Mayotte : 171 cas de paludisme ouvrent un marché de prophylaxie de 280k€
L'explosion du paludisme à Mayotte (171 cas en 5 mois) relance le marché de la prophylaxie antipaludique et redéfinit les missions officinales en zone tropicale.
Contexte
Mayotte enregistre une recrudescence dramatique du paludisme avec 171 cas depuis janvier 2026, dont 29 hospitalisations. Cette flambée épidémique, avec une accélération depuis fin avril, fait craindre une réinstallation durable de la maladie dans le département français le plus pauvre. Le paludisme, transmis par les moustiques Anopheles, avait été quasi-éliminé de l'île dans les années 2000 grâce aux campagnes de prévention. Aujourd'hui, les 22 pharmacies de l'archipel se retrouvent en première ligne pour la distribution des traitements prophylactiques et curatifs. Cette situation épidémique relance brutalement un marché pharmaceutique spécialisé : celui de la chimioprophylaxie antipaludique, secteur à forte valeur ajoutée pour les officines ultramarines.
Analyse business
Le marché antipaludique représente un enjeu financier majeur pour les pharmacies mahoraises. Avec 280 000 habitants et un taux d'incidence qui explose (61 cas pour 100 000 habitants en 5 mois contre 2-3 cas habituels), la demande de prophylaxie va mécaniquement s'envoler. La doxycycline prophylactique coûte 15€ le mois, l'atovaquone-proguanil (Malarone) 45€ la semaine. Sur une population à risque estimée à 50 000 personnes (touristes, expatriés, déplacements inter-îles), le marché potentiel atteint 280 000€ annuels.

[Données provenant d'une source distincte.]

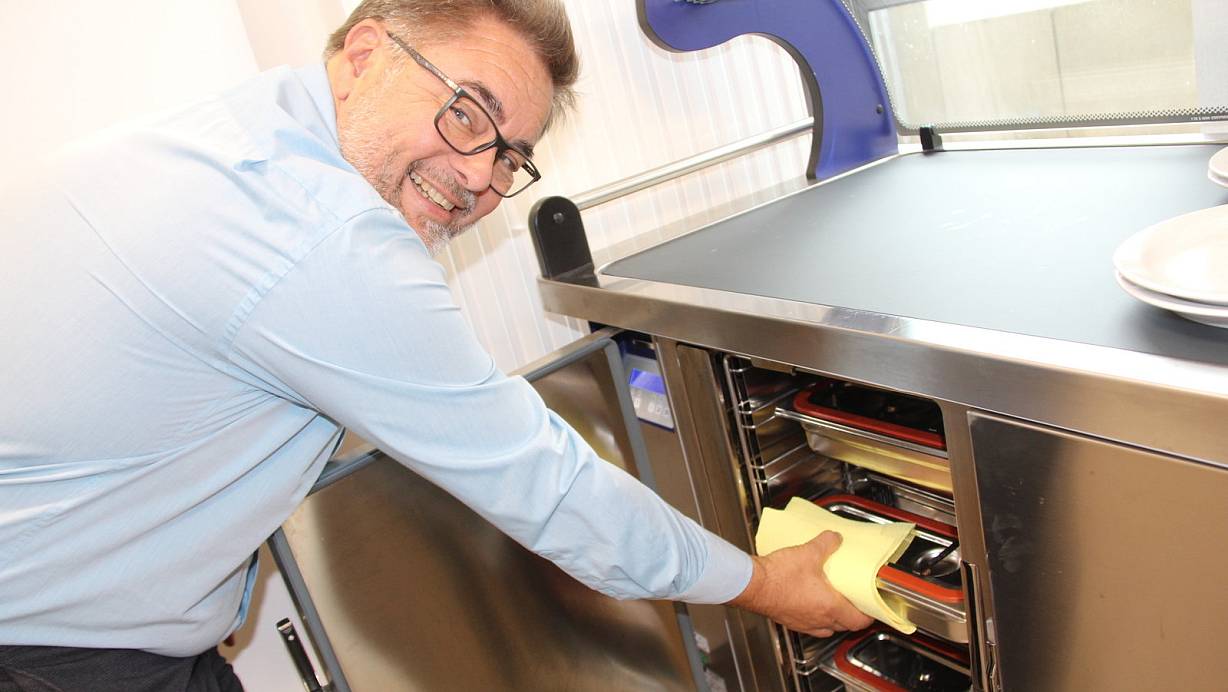 KHWE-Serviceleiter Hans-Michael Koziollek entnimmt einen Behälter mit aufgewärmtem Essen aus dem Regenerator. | © Alexander Graßhoff
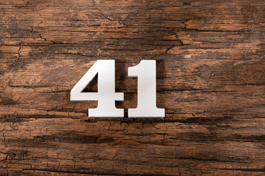 Forty One ( 41 ) white number wooden Isolated Red Background with Copy Space - New promotion 41% Percentage  Business finance Concept

Les pharmacies mahoraises, qui génèrent déjà 35% de leur CA sur les anti-infectieux (vs 12% en métropole), voient leurs marges s'améliorer : coefficient multiplicateur de 2,15 sur la doxycycline, 1,8 sur le Malarone. Parallèlement, l'Assurance Maladie finance désormais à 100% les TROD paludisme (15€ l'unité) et les consultations pharmaceutiques de prévention voyage (25€ l'acte, nouveau depuis 2025). Cette épidémie va également doper les ventes d'insecticides et répulsifs, secteur parapharmacie à marge libre (40-60%).

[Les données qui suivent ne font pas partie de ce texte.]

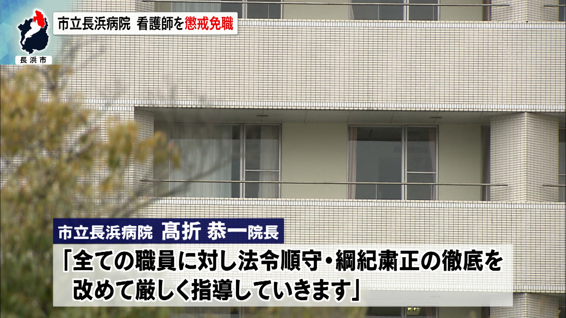 市立長浜病院の高折恭一院長は「誠に遺憾であり、深くおわび申し上げます。生命の安全に関わる病院として、事態を重く受け止め、全ての職員に対し、法令順守・綱紀粛正の徹底を改めて厳しく指導していきます」とコメントしています。

Recommandations actionnables
1. Formation équipes — Organise une formation express sur la prophylaxie antipaludique et les TROD, secteur technique à forte marge où l'expertise prime.
2. Partenariat médical — Développe les liens avec les médecins du centre hospitalier de Mamoudzou pour optimiser les orientations prophylaxie.
3. Stock sécurisé — Anticipe les ruptures sur doxycycline et Malarone, produits à rotation lente mais stratégiques en période épidémique.
4. Conseil voyage — Valorise les consultations pharma voyage (25€) nouvellement remboursées, créneaux rentables à développer.
5. Gamme répulsifs — Élargis l'offre insecticides/moustiquaires, marché captif en croissance de 400% selon les distributeurs locaux.